The answer should contain only the lines from the beginning of the entries through the line that holds "This thoughtfully designed", given again exactly, with no pictures.

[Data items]
━━━

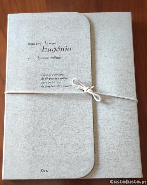 Album de homenagem a Eugénio de Andrade, numa caixa em tela, com poemas e pinturas de 67 poetas e artistas para os 80 anos do poeta. Coordenação de José da Cruz Santos, apresentação gráfica de Miguel Veiga e direcção gráfica de Armando Alves. Alguns e algumas: Albano Martins, António Ramos Rosa, Bernatdo Pinto de Almeida, Diogo Alcoforado, Emerenciano, Gil Teixeira Lopes, Graça Martins, Herberto Helder, Ilda David, Inês Lourenço, João Abel Manta, José Bento, José Viale Moutinho, Luisa Dacosta, Manuel António Pina, Manuel Gusmão, Rui Anahory, Zulmiro de Carvalho, etc., atc. Exemplar 42/250 da edição normal assinado por José da Cruz Santos e Armando Alves. Junta-se um desdobrável com palavras do homenageado - Eugénio de Andrade -, mais Eduardo Lourenço, Luís Miguel Queirós e Manuel de Freitas. Bom exemplar.
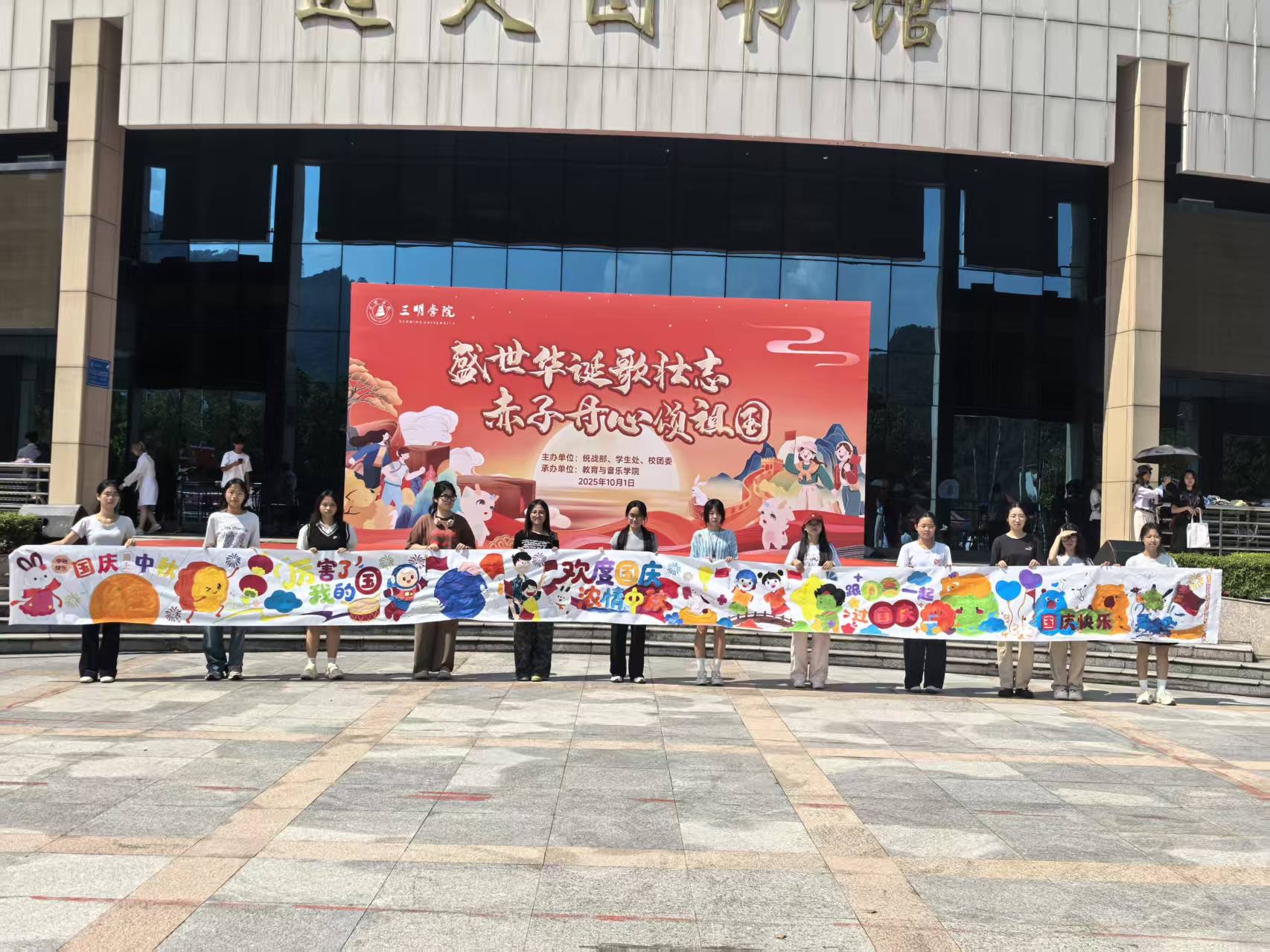 10月1日,三明学院逸夫图书馆前广场热闹喧腾,教育与音乐学院精心策划的“丹青绘双节,长卷展宏图”国庆中秋主题长卷绘画活动盛大开启,以艺术之笔共贺家国双节。
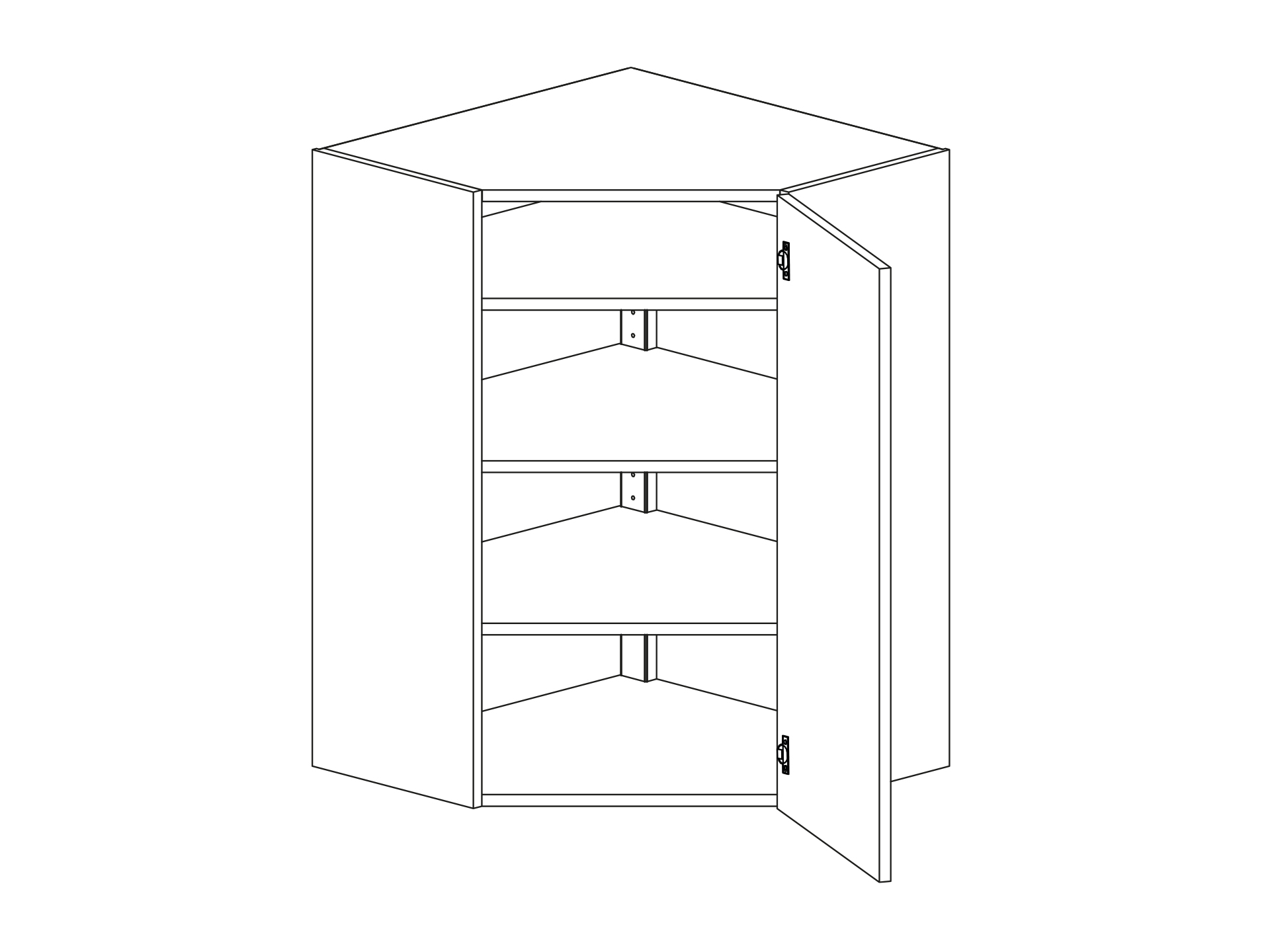 Väggskåp med tre hyllor hörnmodell diagonal (850mm) 600/600mm
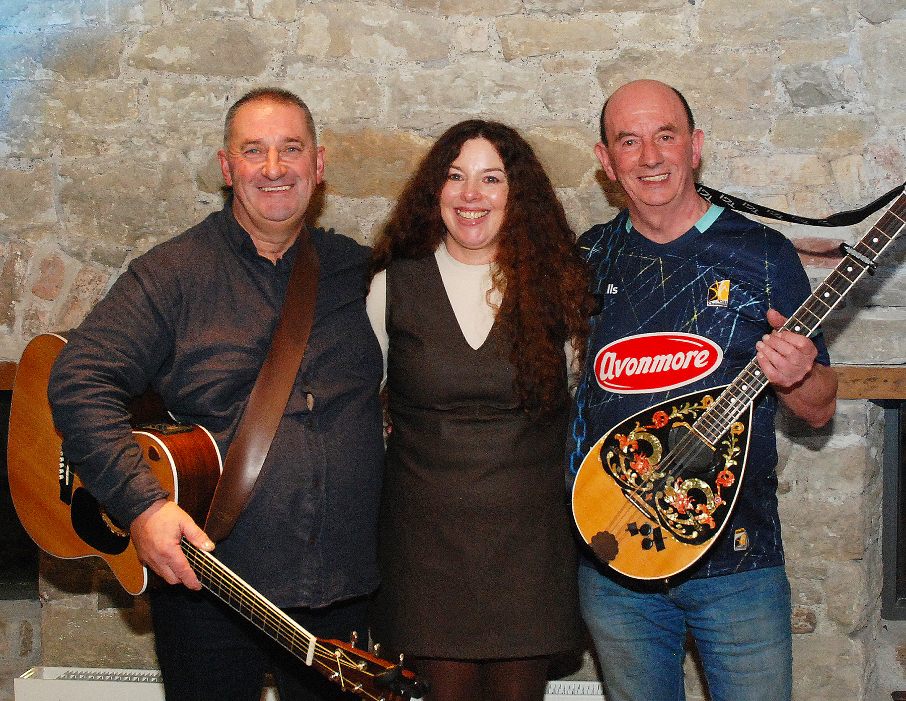 Pictured above at the last Black Mills Session of the year are Tommy McDonald and Jimmy Quinlan with Pamela Aitken, who organised the Sessions for Roscrea Heritage Society. Photo: PJ Wright
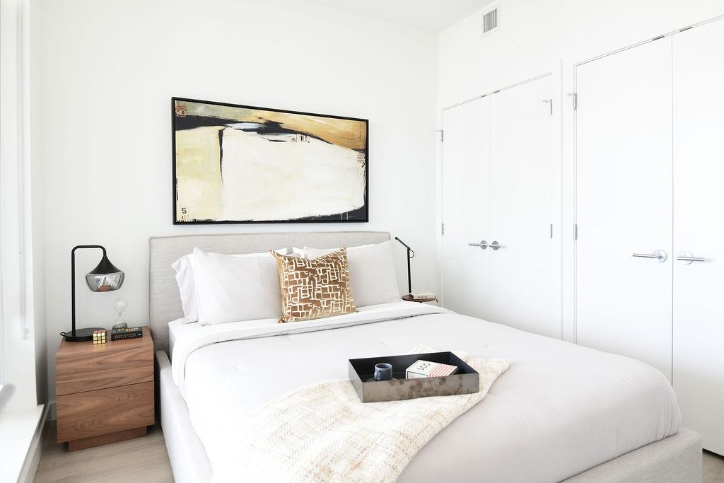 This thoughtfully designed 2-bedroom "mingler" layout offers bedrooms on opposite sides of the living area for enhanced privacy and a greater sense of space. Overlooking the peaceful courtyard, the home features an open-concept kitchen with a large waterfall island, full-size appliances, and seamless flow into the living and dining area. The primary bedroom includes a walk-in closet, while the secondary bedroom boasts a full wall of closet space. Enjoy hotel-inspired amenities including a Concierge, Fitness...
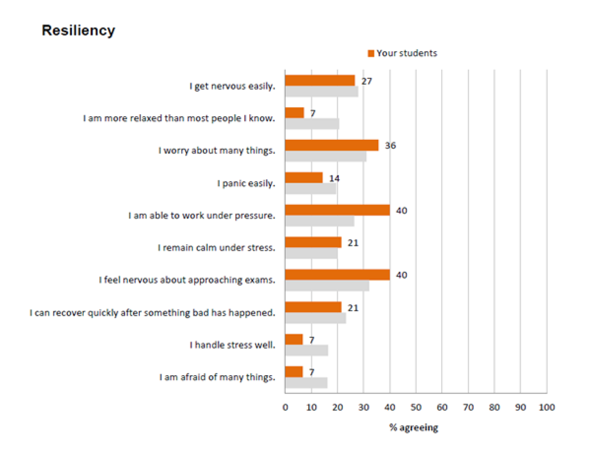 Our students are clearly worrying about things more than the national average, feel nervous about exams, and feel they don’t handle stress well.
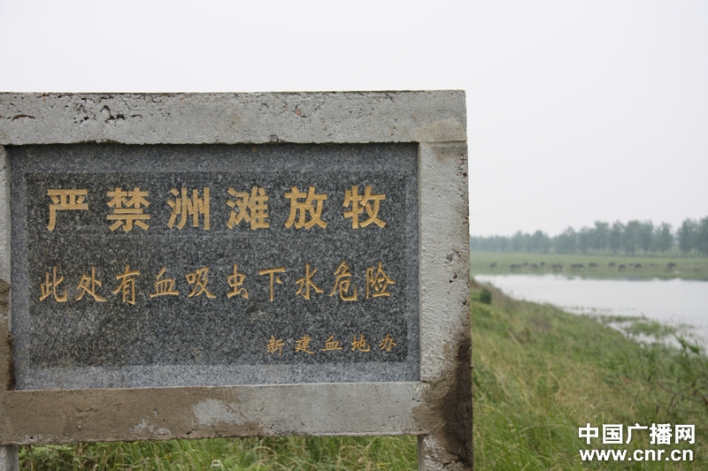 在湖堤“嚴(yán)禁洲灘放牧”石碑的后面仍然能看到散放的牛(中廣網(wǎng)記者 范存寶攝)
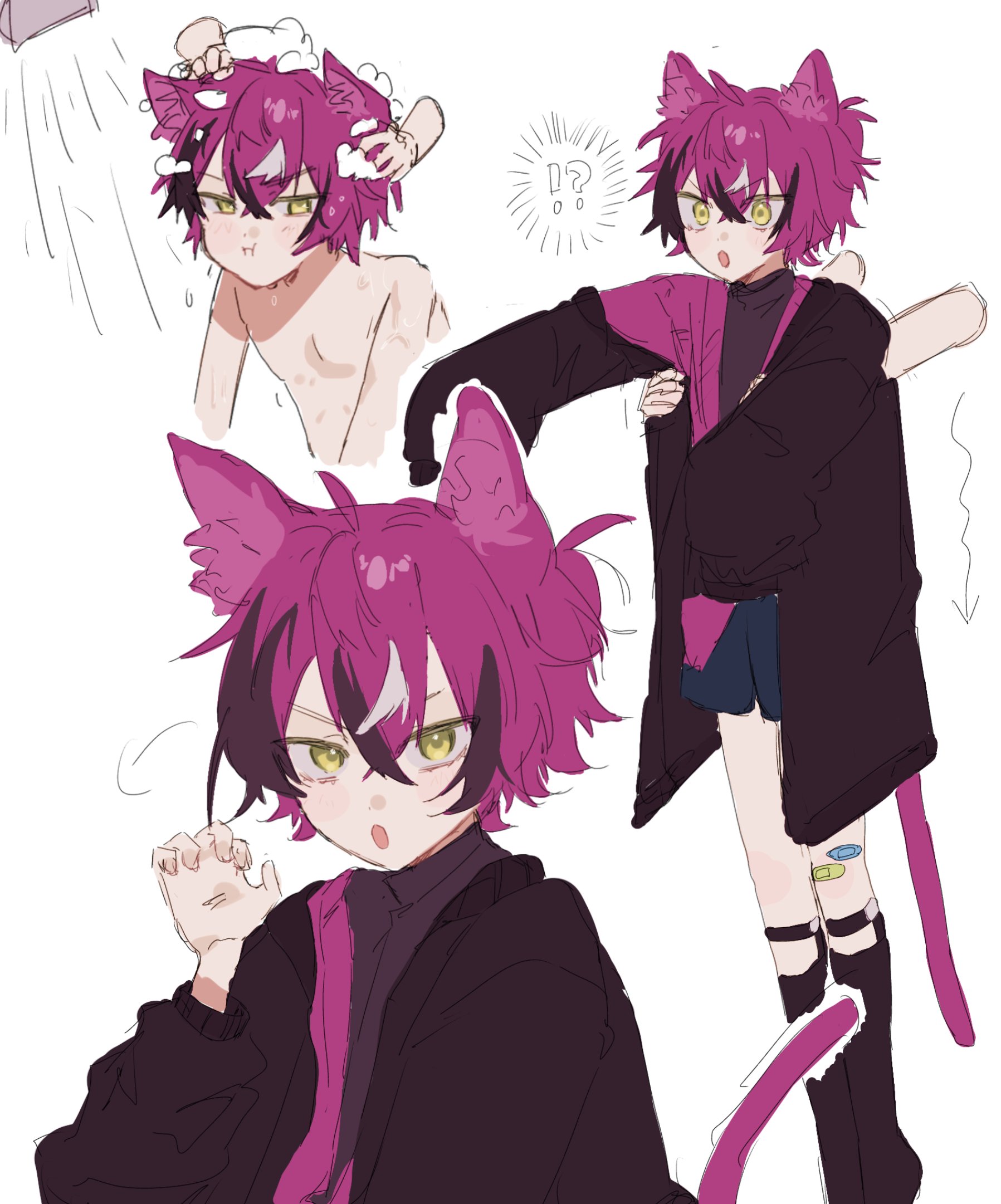 !? 1boy :t aged_down animal_ear_fluff animal_ears arm_up arrow_(symbol) bandaid bandaid_on_leg bare_shoulders black_shirt black_socks blue_shorts claw_pose commentary disembodied_hand doku_tanuki123 doppio_dropscythe hair_between_eyes highres jacket kemonomimi_mode legwear_garter looking_at_viewer looking_to_the_side male_focus multicolored_hair multiple_views nijisanji nijisanji_en open_mouth purple_hair shirt shorts shower_head simple_background soap soap_bubbles socks streaked_hair topless_male turtleneck two-sided_fabric two-sided_jacket virtual_youtuber washing_hair wet wet_hair white_background yellow_eyes
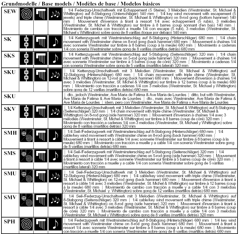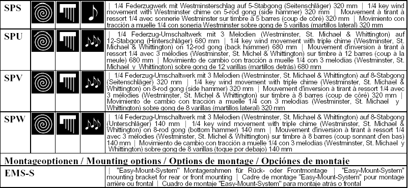 Mesure de platine 120 x 124 x 1,7 mm, mouvements à tirant à ressort avec 4 oú 6 bouchons en bronze (pignons adjoints), barrillets avec demi-arbre et dispositif d'encliquetage de sûreté, version d'horloge de table avec échappement (échappement suisse), version de pendule avec Kieniramic7ancre solide avec échappement de repos (Graham) et dispositif d'ancre automatique, mouvement d'inversion à tirant à ressort à câble avec délimitatien mécanisme de remontage à cable, invalidation de sonnerie, mécanisme de remontage frontal
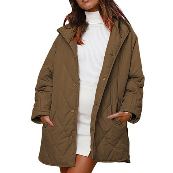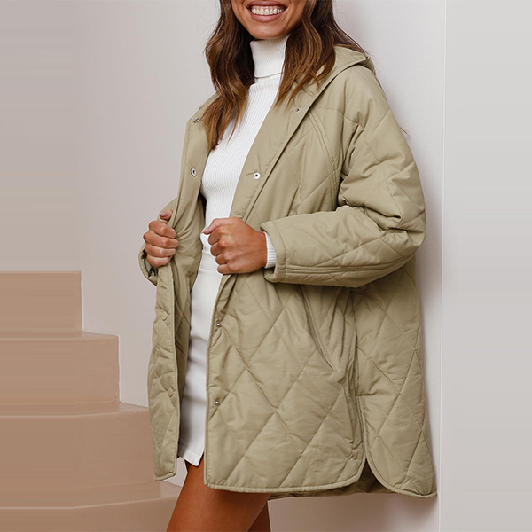 Crafted with high-quality quilted fabric, this jacket offers a cozy and comfortable fit. The solid color design adds a timeless and versatile element, making it suitable for various occasions and settings.
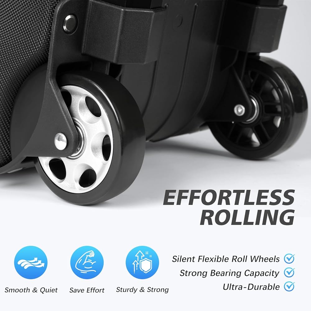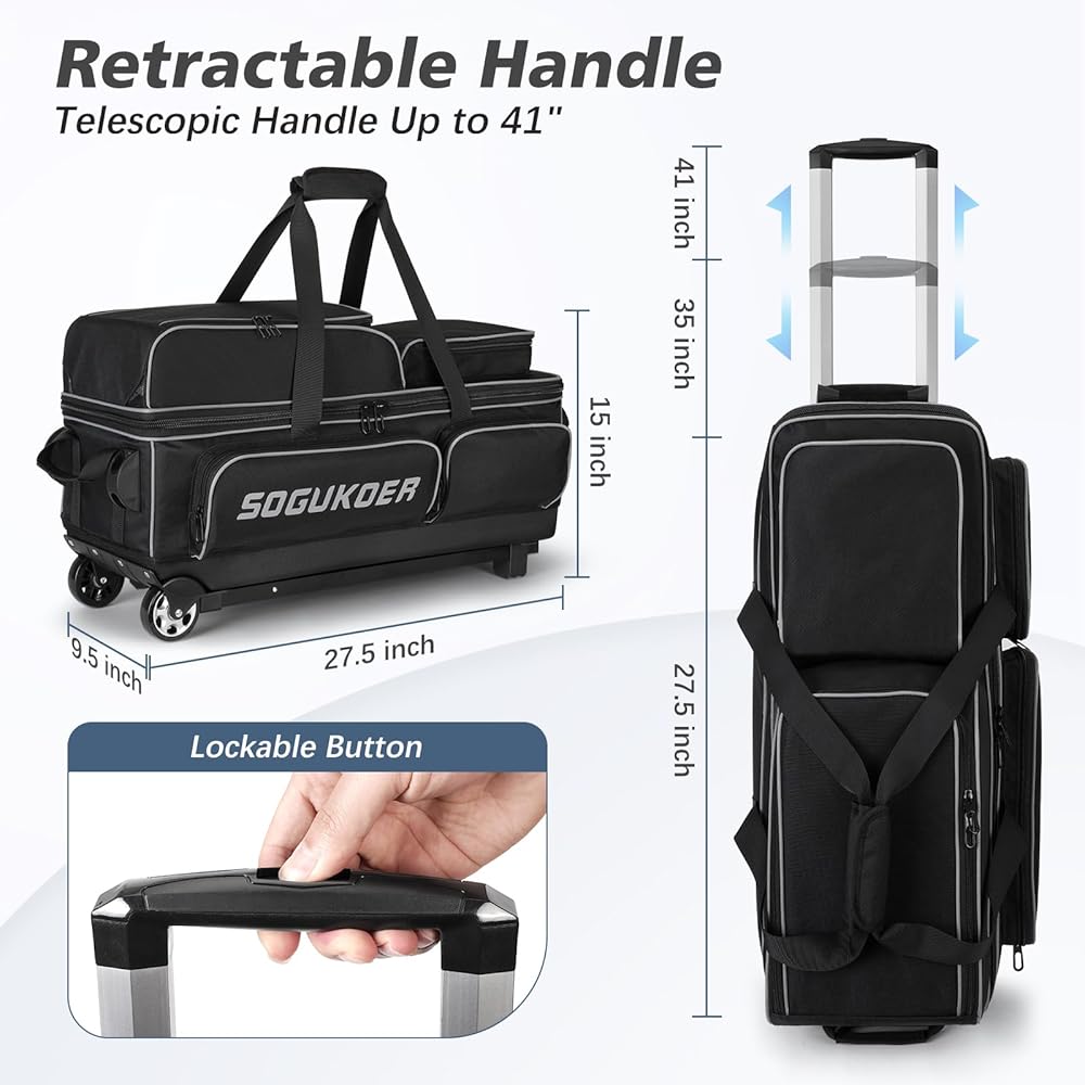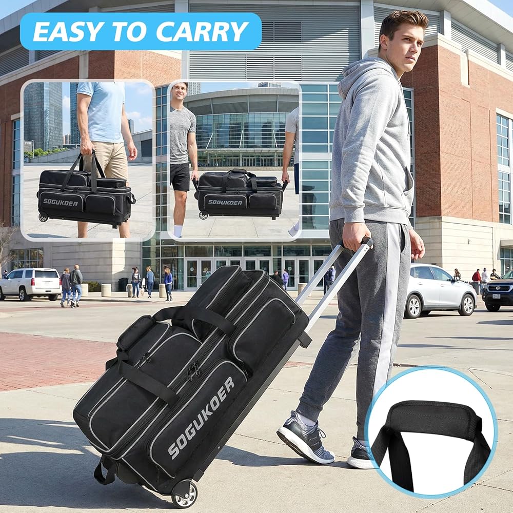 سهل الحمل: يمتد المقبض التلسكوبي المكون من قسمين حتى 40 بوصة، ويتميز بمقبض سميك غير قابل للانزلاق ومقابض جانبية مساعدة. تدعم حقيبة البولينج ثلاث طرق للرفع: الدفع والسحب والرفع العلوي والرفع الجانبي، مما يجعل الحركة أكثر مرونة

━━━

**Written answer:**
 Album de homenagem a Eugénio de Andrade, numa caixa em tela, com poemas e pinturas de 67 poetas e artistas para os 80 anos do poeta. Coordenação de José da Cruz Santos, apresentação gráfica de Miguel Veiga e direcção gráfica de Armando Alves. Alguns e algumas: Albano Martins, António Ramos Rosa, Bernatdo Pinto de Almeida, Diogo Alcoforado, Emerenciano, Gil Teixeira Lopes, Graça Martins, Herberto Helder, Ilda David, Inês Lourenço, João Abel Manta, José Bento, José Viale Moutinho, Luisa Dacosta, Manuel António Pina, Manuel Gusmão, Rui Anahory, Zulmiro de Carvalho, etc., atc. Exemplar 42/250 da edição normal assinado por José da Cruz Santos e Armando Alves. Junta-se um desdobrável com palavras do homenageado - Eugénio de Andrade -, mais Eduardo Lourenço, Luís Miguel Queirós e Manuel de Freitas. Bom exemplar.
 10月1日,三明学院逸夫图书馆前广场热闹喧腾,教育与音乐学院精心策划的“丹青绘双节,长卷展宏图”国庆中秋主题长卷绘画活动盛大开启,以艺术之笔共贺家国双节。
 Väggskåp med tre hyllor hörnmodell diagonal (850mm) 600/600mm
 Pictured above at the last Black Mills Session of the year are Tommy McDonald and Jimmy Quinlan with Pamela Aitken, who organised the Sessions for Roscrea Heritage Society. Photo: PJ Wright
 This thoughtfully designed 2-bedroom "mingler" layout offers bedrooms on opposite sides of the living area for enhanced privacy and a greater sense of space. Overlooking the peaceful courtyard, the home features an open-concept kitchen with a large waterfall island, full-size appliances, and seamless flow into the living and dining area. The primary bedroom includes a walk-in closet, while the secondary bedroom boasts a full wall of closet space. Enjoy hotel-inspired amenities including a Concierge, Fitness...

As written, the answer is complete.